Ce qui me sépare des vivants

Par  Ahmad Ibsais, le 18 décembre 2025

Ce que signifie continuer à regarder, alors que le monde tourne sans vous.

Google dit que lorsqu'on pleure si longtemps que le visage finit par s'engourdir, c'est parce que la contraction répétée des muscles faciaux réduit le flux sanguin, et que le sel contenu dans les larmes irrite les terminaisons nerveuses. C'est une réaction physiologique. Temporaire et réversible.

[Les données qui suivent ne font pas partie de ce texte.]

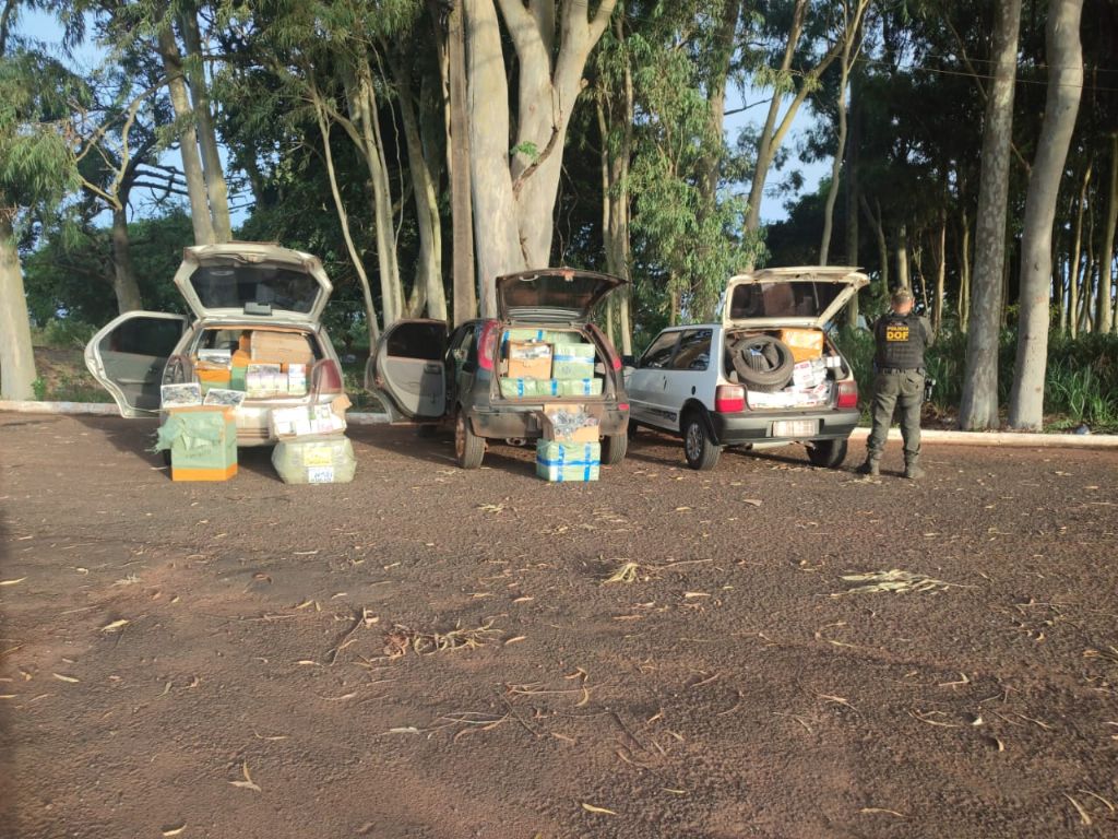 No veículo foram encontrados diversos pacotes de cigarros e pneus. Em checagem aos agregados foi constatado que as placas do Uno eram falsas. Ao todo, foram apreendidos nos três carros 9.300 relógios, 720 cigarros eletrônicos, 250 pacotes de cigarro, mil relógios e 50 pneus.

Mais Google n'explique pas ce que signifie la persistance de l'engourdissement. Lorsqu'on pleure, qu'on a envie de pleurer ou qu'on est incapable de pleurer depuis plus de deux ans, et que le visage apprend à se contenir. Quand on entend un enfant suffoquer dans les eaux de pluie qui s'engouffrent dans une tente et que notre visage reste impassible. Ou lorsqu'on vous dit qu'un enfant a reçu une balle dans la tête sortie de l'autre côté, et qu'on se dit : "Oui", en restant impassible.

Je vis en retrait depuis octobre 2023.

Ce n'est pas une métaphore. Entre moi et le monde, se dresse comme une vitre. Je peux tout voir : les cafés emplis de rires, les voitures bondées de gens vivants, mon propre reflet exécutant des gestes ordinaires. Mais je n'arrive pas à passer de l'autre côté. Je suis incapable de faire entendre ma voix. Je reste figé dans l'instant, depuis que j'ai compris, pour la première fois, qu'être témoin d'atrocités ne veut plus rien dire.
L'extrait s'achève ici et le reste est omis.